Not drunk enough to think that's funny?
Get out the beer bong.
Dude, a friend of mine with very poor taste LOVES that shit. He drinks it all the time. Good story: as some friends and I were walking down the street one day, we kept seeing Beer 30 cans, spaced out at about 100-yard intervals. I joked, "Oh, Brian's left like a trail of breadcrumbs."
When we got to where we were going, what should we happen to see but Brian kicking back with a half-empty case of Beer 30?
sealman87 » pro1 years ago
Easily convertible to any beverage name you want, too. Truly another for the ages.
thescrivener » neu1 years ago
I fived for "part of puttin' out music is about believing in something you don't believe in."
doomchild » pro1 years ago
Wouldn't "half-past Chablis o-thirty" be "Chablis forty-five"?
DC
mattylite » neu1 years ago
Wait-- now I get it. Sorry, I was feeling old maybe and I lamed you for being too young to be handy with those circle clocks.
heccibiggs » neu1 years ago
You mean, like... as opposed to a sundial? Because that is also circle-shaped.
phoenixultima » pro2 years ago
Ray's family has all sorts of characters in it, doesn't it? It wouldn't surprise me to find out that his great-grandpa was a hard-assed Old West sherrif or such.
nurdbot » pro2 years ago
I hope one of his ancestors is one of those sterotypical French horndawgs, set in 17th century. A slightly older Ray with a Wig and tinted specticles, oh the possibilities!
qatipay » neu2 years ago
Hm, after Cheops and Ramses, Ray's mom really dropped the ball with the pharaoh-naming thing.
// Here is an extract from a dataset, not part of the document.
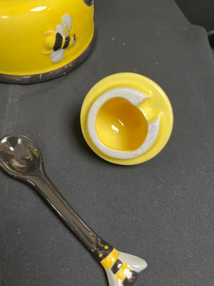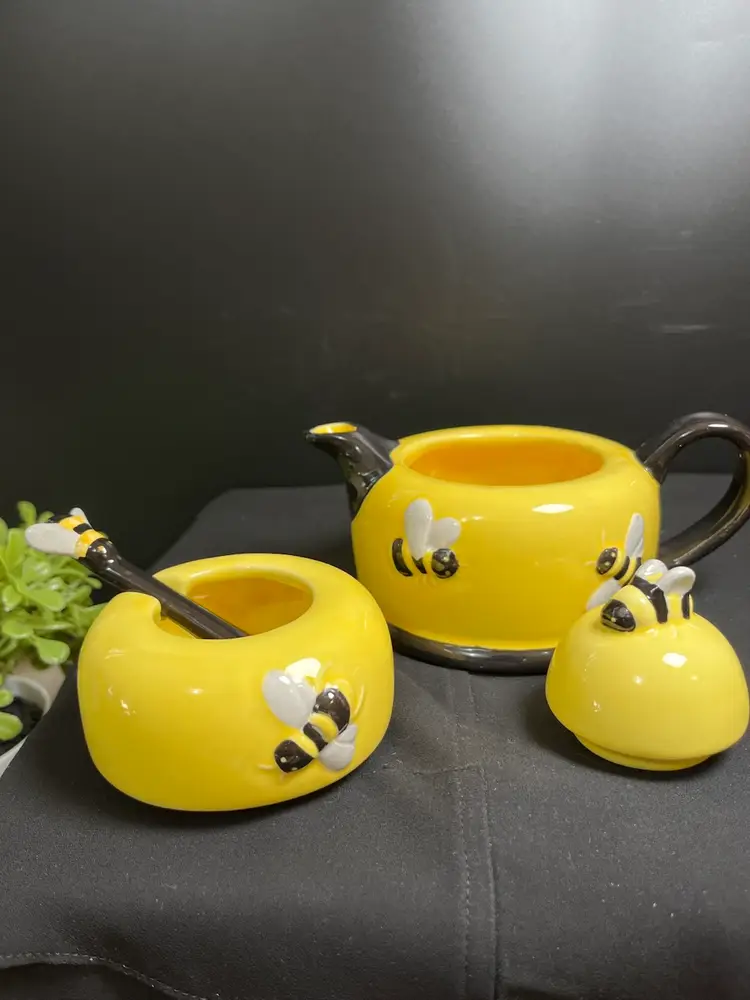 This is just as cute as can BEEEEEE! This is in excellent condition and has no call outs at all. Measures approx 6.25"H, Spout to end of handle 6.75", 1 Lb

Raymond Quentin??
captainpeepers » neu2 years ago
Wait, you DON'T know of the mighty Quentin? He's the reason the sky is blue!
deusoma » neu1 years ago
At some point in the nine months following this post, I learned that that particular smiley face is a somewhat over-used meme on less savoury parts of the web. I had no idea of this when I wrote the first post, but nevertheless I stand by my initial opinion that it is a greatly amusing face.
cpnglxynchos » neu1 years ago
i still have no idea what other places you're talking about, and agree that this is a rad avicon.
deusoma » neu1 years ago
Chan boards, mostly. In terms of literacy, they're pretty much the opposite of Achewood fans.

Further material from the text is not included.